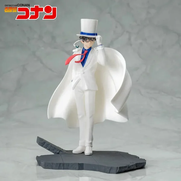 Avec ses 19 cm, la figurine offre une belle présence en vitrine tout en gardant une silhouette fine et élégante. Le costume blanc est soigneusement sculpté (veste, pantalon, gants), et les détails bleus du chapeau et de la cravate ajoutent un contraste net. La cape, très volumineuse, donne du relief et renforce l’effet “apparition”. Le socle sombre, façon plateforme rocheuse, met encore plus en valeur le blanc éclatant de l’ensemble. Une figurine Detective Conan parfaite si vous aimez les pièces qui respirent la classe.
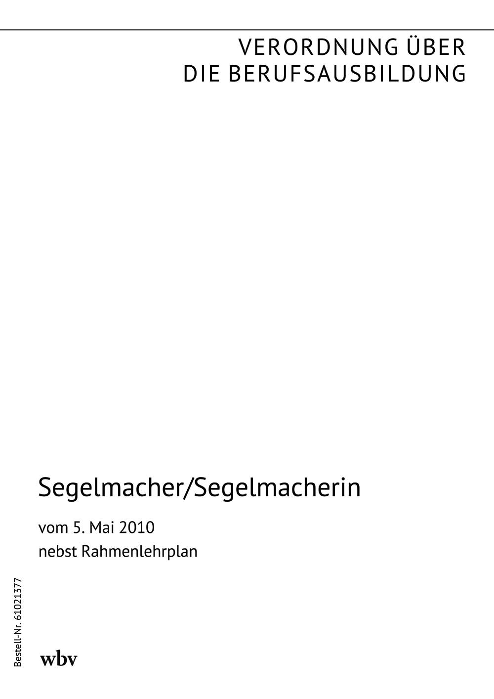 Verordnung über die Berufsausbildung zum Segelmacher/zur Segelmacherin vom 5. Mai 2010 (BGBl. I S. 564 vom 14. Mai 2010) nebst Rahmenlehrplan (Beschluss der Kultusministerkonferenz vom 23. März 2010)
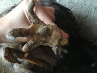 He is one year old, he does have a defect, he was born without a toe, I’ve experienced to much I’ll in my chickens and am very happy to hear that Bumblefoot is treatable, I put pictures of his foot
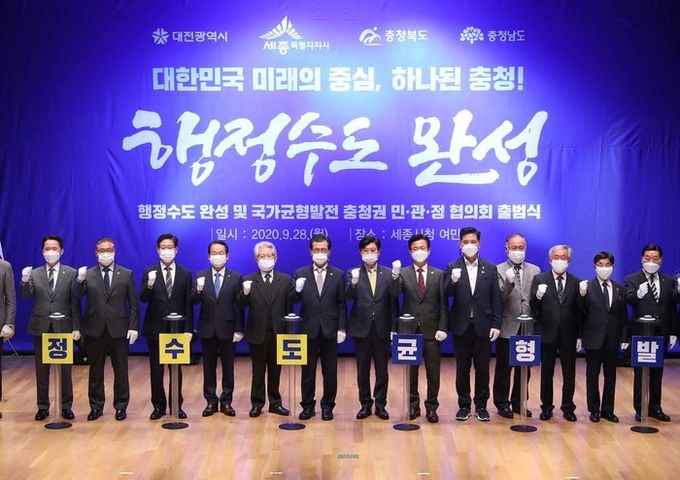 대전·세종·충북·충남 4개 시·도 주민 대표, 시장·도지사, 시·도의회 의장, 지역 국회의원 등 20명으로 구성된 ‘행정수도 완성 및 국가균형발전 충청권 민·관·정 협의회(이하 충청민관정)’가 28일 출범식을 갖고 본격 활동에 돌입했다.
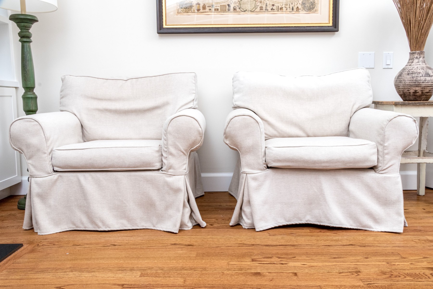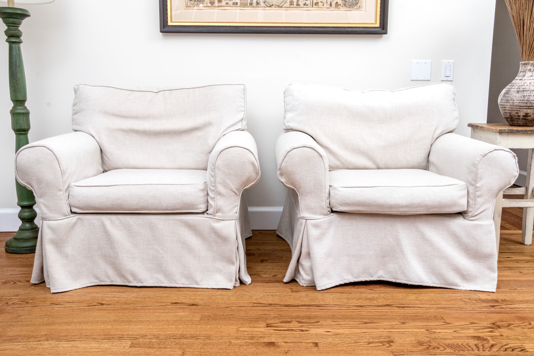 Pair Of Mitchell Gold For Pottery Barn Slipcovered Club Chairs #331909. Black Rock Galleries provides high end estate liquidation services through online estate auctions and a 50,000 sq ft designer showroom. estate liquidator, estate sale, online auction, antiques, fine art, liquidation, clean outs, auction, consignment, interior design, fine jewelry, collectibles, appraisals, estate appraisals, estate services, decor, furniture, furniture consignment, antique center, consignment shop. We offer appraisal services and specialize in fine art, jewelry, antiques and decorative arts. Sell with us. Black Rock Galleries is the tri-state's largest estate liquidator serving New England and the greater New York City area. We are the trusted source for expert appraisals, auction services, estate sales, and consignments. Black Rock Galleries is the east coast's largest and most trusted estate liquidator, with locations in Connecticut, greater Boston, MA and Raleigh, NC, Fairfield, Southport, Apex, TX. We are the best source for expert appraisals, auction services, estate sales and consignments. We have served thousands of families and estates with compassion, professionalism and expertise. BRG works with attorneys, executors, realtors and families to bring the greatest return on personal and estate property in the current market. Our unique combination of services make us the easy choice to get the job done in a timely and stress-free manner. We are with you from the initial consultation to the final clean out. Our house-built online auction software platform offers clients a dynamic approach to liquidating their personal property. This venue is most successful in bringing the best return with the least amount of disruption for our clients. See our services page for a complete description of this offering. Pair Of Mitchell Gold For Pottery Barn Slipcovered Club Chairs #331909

**BRIEF**: Reproduce the data above exactly, leaving out any picture in it.

**OUTPUT FOR THIS EXERCISE**:
 Avec ses 19 cm, la figurine offre une belle présence en vitrine tout en gardant une silhouette fine et élégante. Le costume blanc est soigneusement sculpté (veste, pantalon, gants), et les détails bleus du chapeau et de la cravate ajoutent un contraste net. La cape, très volumineuse, donne du relief et renforce l’effet “apparition”. Le socle sombre, façon plateforme rocheuse, met encore plus en valeur le blanc éclatant de l’ensemble. Une figurine Detective Conan parfaite si vous aimez les pièces qui respirent la classe.
 Verordnung über die Berufsausbildung zum Segelmacher/zur Segelmacherin vom 5. Mai 2010 (BGBl. I S. 564 vom 14. Mai 2010) nebst Rahmenlehrplan (Beschluss der Kultusministerkonferenz vom 23. März 2010)
 He is one year old, he does have a defect, he was born without a toe, I’ve experienced to much I’ll in my chickens and am very happy to hear that Bumblefoot is treatable, I put pictures of his foot
 대전·세종·충북·충남 4개 시·도 주민 대표, 시장·도지사, 시·도의회 의장, 지역 국회의원 등 20명으로 구성된 ‘행정수도 완성 및 국가균형발전 충청권 민·관·정 협의회(이하 충청민관정)’가 28일 출범식을 갖고 본격 활동에 돌입했다.
 Pair Of Mitchell Gold For Pottery Barn Slipcovered Club Chairs #331909. Black Rock Galleries provides high end estate liquidation services through online estate auctions and a 50,000 sq ft designer showroom. estate liquidator, estate sale, online auction, antiques, fine art, liquidation, clean outs, auction, consignment, interior design, fine jewelry, collectibles, appraisals, estate appraisals, estate services, decor, furniture, furniture consignment, antique center, consignment shop. We offer appraisal services and specialize in fine art, jewelry, antiques and decorative arts. Sell with us. Black Rock Galleries is the tri-state's largest estate liquidator serving New England and the greater New York City area. We are the trusted source for expert appraisals, auction services, estate sales, and consignments. Black Rock Galleries is the east coast's largest and most trusted estate liquidator, with locations in Connecticut, greater Boston, MA and Raleigh, NC, Fairfield, Southport, Apex, TX. We are the best source for expert appraisals, auction services, estate sales and consignments. We have served thousands of families and estates with compassion, professionalism and expertise. BRG works with attorneys, executors, realtors and families to bring the greatest return on personal and estate property in the current market. Our unique combination of services make us the easy choice to get the job done in a timely and stress-free manner. We are with you from the initial consultation to the final clean out. Our house-built online auction software platform offers clients a dynamic approach to liquidating their personal property. This venue is most successful in bringing the best return with the least amount of disruption for our clients. See our services page for a complete description of this offering. Pair Of Mitchell Gold For Pottery Barn Slipcovered Club Chairs #331909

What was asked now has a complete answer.